We discussed three of these boxes. What about the fourth quadrant? Can the company's formal BI infrastructure be relevant to individuals solving individual problems? Can it lend context, consistency and accountability? I think it can and should. To allow the creativity and agility we get from individuals working in the moment, we need to give them simple, intuitive access to corporate data and corporate definitions in tools they already know. For most users that tool is the ... spreadsheet. If we make it easy for users to find and grab data from the corporate BI infrastructure and to use corporate definitions for things such as sales per square foot, we've solved the spreadmart problem using spreadsheets. I've written in the past about creating a monitor-analyze-plan loop. The data and tool integration that supports M-A-P is exactly the infrastructure needed to support the fourth quadrant.

This simple grid shows another opportunity for companies. Can we take the best of what our employees do informally and promote it to apply to the company as a whole? Certainly when clever employees find better practices, we'll discover them, eventually, by noticing better performance. But we can be more agile. Go back to the opening scenario. Maybe the regional sales manager neglected to fully define the contest and measurement up front. But if she agreed with Manager D's definitions, she should be able to promote his analysis to at least the team level.
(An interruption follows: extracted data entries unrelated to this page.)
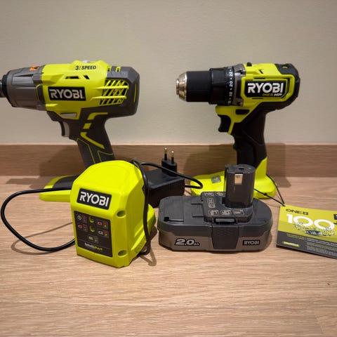 Minimalt brukt børsteløs drill med 4ah batteri litt mer brukt og hurtiglader.
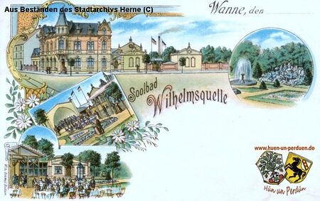 Am 3. Juli 1893 schlugen Bergleute der Zeche Pluto-Thies in 606 Meter Tiefe eine Solequelle an, und am 19. September 1893 wurde der Bergbau-Aktien-Gesellschaft "Pluto" das Eigentum des Bergwerkes "Wilhelmsquelle" zur Gewinnung der in diesem Felde vorkommenden "Soole" verliehen.[1] Die Sole erwies sich als eine der stärksten Deutschlands. Sie zeigte Heilwirkung bei Rheuma, Ischias, Nerven- und Frauenleiden.
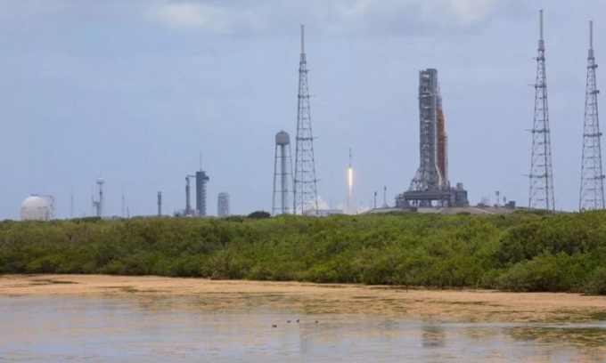 Ở bên phải của bức ảnh là tàu vũ trụ Orion nằm bên trên siêu tên lửa Hệ thống phóng không gian (SLS) trong nhiệm vụ Artemis 1 đến Mặt Trăng của NASA. NASA đang tiến hành thử nghiệm đổ nhiên liệu mang tên "wet dress rehearsal" với tổ hợp Orion - SLS ở bệ phóng 39B của KSC. Tuy nhiên, sau vài trục trặc, các nhà chức trách quyết định chuyển tổ hợp khỏi bệ phóng vào ngày 25/4 để kiểm tra kỹ hơn ở Tòa nhà lắp ráp phương tiện gần đó.

The simplest way to do this is literally share his document via the team's portal site. Going beyond that, can we allow businesspeople, not IT, to define key measures and calculations? If the key business rules that drive the corporate BI infrastructure come from business users in the first place, the company will have the mechanism it needs to capture the best ideas and best practices from its best employees. This suggests new requirements for performance management applications.


Companies that manage to balance informal and formal BI will increase agility and accountability with no loss of consistency or compliance.